Question

Sixty-four students in an introductory college economics class were asked how many credits they had earned in college, and how certain they were about their choice of major. At α = .02, is the degree of certainty independent of credits earned? Credits Earned Very Uncertain Somewhat Certain Very Certain Row Total 0 – 9 15 7 2 24 10 – 59 10 5 6 21 60 or more 4 10 14 28 Col Total 29 22 22 73 Click here for the Excel Data File

(a) At α = .02, the hypothesis for the given issue is H0: Credits Earned and Certainty of Major are independent. Yes No

(b) Calculate the chi-square test statistic, degrees of freedom, and the p-value. (Round your test statistic value to 2 decimal places and the p-value to 4 decimal places.) Test statistic d.f. p-value

(c) Find the critical value of the chi-square for α = .02. (Round your answer to 2 decimal places.) Critical value

(d) We can reject the null hypotheses and find independence. No Yes

Answer 1

Answer:

Sixty-four students in an introductory college economics class were asked how many credits they had earned in college, and how certain they were about their choice of major. At α = .02, is the degree of certainty independent of credits earned?

Solution:

a) Null and Alternative hypothesis:

H0: Credits Earned and Certainty of Major are independent.

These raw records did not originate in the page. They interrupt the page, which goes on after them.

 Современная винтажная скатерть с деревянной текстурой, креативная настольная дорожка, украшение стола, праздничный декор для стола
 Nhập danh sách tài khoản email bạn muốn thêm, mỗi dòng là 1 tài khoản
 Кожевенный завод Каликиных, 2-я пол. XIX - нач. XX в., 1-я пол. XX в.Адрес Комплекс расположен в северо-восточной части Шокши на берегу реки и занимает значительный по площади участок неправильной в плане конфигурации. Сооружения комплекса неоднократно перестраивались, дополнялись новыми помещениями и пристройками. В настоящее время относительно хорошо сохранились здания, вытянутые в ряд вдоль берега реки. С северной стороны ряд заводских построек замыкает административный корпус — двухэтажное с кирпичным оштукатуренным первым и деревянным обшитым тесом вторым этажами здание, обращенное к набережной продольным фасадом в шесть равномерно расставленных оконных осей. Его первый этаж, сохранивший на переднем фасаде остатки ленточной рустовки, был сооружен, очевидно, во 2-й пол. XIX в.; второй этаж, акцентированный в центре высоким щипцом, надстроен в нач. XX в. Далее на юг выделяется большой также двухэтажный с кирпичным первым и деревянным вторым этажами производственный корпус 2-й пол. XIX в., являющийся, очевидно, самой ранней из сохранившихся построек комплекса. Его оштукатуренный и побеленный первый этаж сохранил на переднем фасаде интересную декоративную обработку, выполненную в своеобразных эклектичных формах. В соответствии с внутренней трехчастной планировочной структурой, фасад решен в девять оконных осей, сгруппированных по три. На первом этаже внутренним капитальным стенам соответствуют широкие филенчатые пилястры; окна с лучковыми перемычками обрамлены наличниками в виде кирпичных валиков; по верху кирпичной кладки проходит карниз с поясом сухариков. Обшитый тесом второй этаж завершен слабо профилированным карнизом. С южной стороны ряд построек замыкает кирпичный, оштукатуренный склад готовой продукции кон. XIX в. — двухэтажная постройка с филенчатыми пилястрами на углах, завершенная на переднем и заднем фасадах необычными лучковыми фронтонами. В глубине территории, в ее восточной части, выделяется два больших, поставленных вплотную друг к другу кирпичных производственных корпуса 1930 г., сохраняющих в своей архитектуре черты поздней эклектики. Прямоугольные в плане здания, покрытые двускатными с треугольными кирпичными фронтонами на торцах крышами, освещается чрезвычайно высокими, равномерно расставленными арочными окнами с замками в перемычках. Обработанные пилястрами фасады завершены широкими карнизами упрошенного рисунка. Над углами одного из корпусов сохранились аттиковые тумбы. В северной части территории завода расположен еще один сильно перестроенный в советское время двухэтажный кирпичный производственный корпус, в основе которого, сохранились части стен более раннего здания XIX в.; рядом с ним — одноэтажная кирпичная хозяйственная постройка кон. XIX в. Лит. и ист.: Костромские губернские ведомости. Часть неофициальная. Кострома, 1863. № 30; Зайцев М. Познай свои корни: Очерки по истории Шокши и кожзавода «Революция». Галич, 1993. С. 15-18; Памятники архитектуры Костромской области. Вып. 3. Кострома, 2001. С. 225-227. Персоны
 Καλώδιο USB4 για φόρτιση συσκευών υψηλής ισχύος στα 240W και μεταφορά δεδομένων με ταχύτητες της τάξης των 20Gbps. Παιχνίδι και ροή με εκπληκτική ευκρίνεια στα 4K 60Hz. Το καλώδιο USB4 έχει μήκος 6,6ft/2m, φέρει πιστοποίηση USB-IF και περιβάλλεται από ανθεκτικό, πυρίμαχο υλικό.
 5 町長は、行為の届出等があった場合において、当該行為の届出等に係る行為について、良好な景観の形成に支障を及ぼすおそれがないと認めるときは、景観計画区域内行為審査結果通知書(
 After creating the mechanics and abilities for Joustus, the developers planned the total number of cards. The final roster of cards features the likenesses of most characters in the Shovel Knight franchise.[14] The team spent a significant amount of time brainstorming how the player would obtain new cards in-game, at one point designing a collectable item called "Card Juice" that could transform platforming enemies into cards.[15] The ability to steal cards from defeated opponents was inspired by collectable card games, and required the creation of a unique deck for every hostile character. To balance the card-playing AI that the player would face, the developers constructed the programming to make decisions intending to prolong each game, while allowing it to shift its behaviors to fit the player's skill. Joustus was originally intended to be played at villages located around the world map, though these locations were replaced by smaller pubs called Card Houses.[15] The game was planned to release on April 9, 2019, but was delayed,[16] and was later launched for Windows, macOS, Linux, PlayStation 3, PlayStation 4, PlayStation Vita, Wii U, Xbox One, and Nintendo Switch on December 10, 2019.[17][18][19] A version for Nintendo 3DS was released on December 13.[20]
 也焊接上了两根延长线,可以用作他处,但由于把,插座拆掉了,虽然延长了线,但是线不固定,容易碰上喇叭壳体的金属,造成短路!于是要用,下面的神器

Ha: Credits Earned and Certainty of Major are not independent.

b) Calculate the chi-square test statistic, degrees of freedom, and the p-value.

Credit Earns	Very Uncertain	Somewhat Uncertain	Very Certain	Row Total
0 - 9	15	7	2	24
10 - 59	10	5	6	21
60 or more	4	10	14	28
Total	29	22	22	73

Expected frequency, E

E = (row total)(column total)/Grand total

E = (24*29)/73 = 9.53

E = (21*29)/73 = 8.34

E = (24*22)/73 = 7.23

Same calculation for all rows and columns,and we get

Formula for chi-square test statistic, χ​​​​​​2

χ​​​​​​2 = (obser. freq - expec. freq)2 / expec. freq.

Observed Frequency (O)	Expected Frequency (E)	(O - E)2/E
15	9.53	3.14
7	7.23	0.007
2	7.23	3.78
10	8.34	0.33
5	6.33	0.28
6	6.33	0.008
4	11.12	4.56
10	8.44	0.29
14	8.44	3.66
		16.055

Therefore, chi-square test statistic, χ​​​​​​2 =16.055

Degree of freedom, df

df = (row -1)(column -1)

df = (3 - 1)(3 - 1)

df = 4

p value from test statistic χ​​​​​​2 = 16.055 and DF = 4

p value =0.0029

c) Find the critical value of the chi-square for

α = .02:

At = 0.02 significance level and degree of freedom = 4

Critical value = 11.689

(from critical value of χ​​​​​​2 table)

d) We can reject the null hypotheses and find independence. No Yes:

As test statistic is greater than critical value (16.055 > 11.689), we reject the null hypothesis at 0.02 significance level. Therefore, there is sufficient evidence to conclude that Credits Earned and Certainty of Major are not independent.